Teenage pop fans have long been derided as vacuous victims of marketing. But there is so much more to it than that, explains a Harry Styles aficionado

by Kaitlyn Tiffany

On the morning of 25 August 2014, a 16-year-old girl arrived at the University of Texas Southwestern Medical Center in a baffling condition. She was short of breath but had no chest pain. She had no history of any lung condition and no abnormal sounds in her breathing. But when the emergency room doctor on duty pressed on her neck and chest, he heard noises like Rice Krispies crackling in a bowl of milk. Spaces behind her throat, around her heart and between her lungs and chest wall were studded with pockets of air, an X-ray confirmed, and her lungs were very slightly collapsed.

The doctors were confused until she said that she’d been screaming for hours the night before at the Dallas stop on One Direction’s Where We Are Tour. The exertion, they hypothesised, had forced open a small hole in her respiratory tract. It wasn’t really a big deal – she was given extra oxygen and kept overnight for observation and she required no follow-up treatment. But the incident was described in all its absurd, gory detail in a paper published in the Journal of Emergency Medicine three years later. The lead physician wrote that such a case had “yet to be described in the medical literature”. Doctors were familiar with military pilots, scuba divers and weightlifters straining their respiratory tract, but this case presented the first evidence that “forceful screaming during pop concerts” could have the same physical toll.This was a novelty news item: an easy headline and a culturally salient joke about the overzealousness of teenage girls. It was parody made real and recorded with the deepest of seriousness, for all time, in a medical journal.
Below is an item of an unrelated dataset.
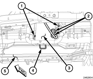 1. Reach through the instrument panel glove box opening (5) and above the glove box latch striker (4) to position the Passive Entry Module (PEM) (3) locating holes onto the two locating pins on the instrument panel base trim substrate.

I know nothing else about the girl who loved One Direction so much that she collapsed her lungs over it. Her doctor wrote to me that he’d asked, at the time, for her permission to tweet at TV host Jimmy Fallon about the incident – he’d argued that maybe she would get to meet One Direction. “But she was too bashful!!!! Classic teenager,” he said, adding a laugh-crying emoji.

I’ll never know who she is or hear her personal explanation of what made her scream so much. In this specific circumstance, that’s because of medical privacy laws, which are good. But it’s also emblematic of a bigger lack: we have seen so many screaming girls. Every time we see them, we’re like, “They’re screaming”. And that’s it. Yet the screaming fan doesn’t scream for nothing and screaming isn’t all the fan is doing. It never has been.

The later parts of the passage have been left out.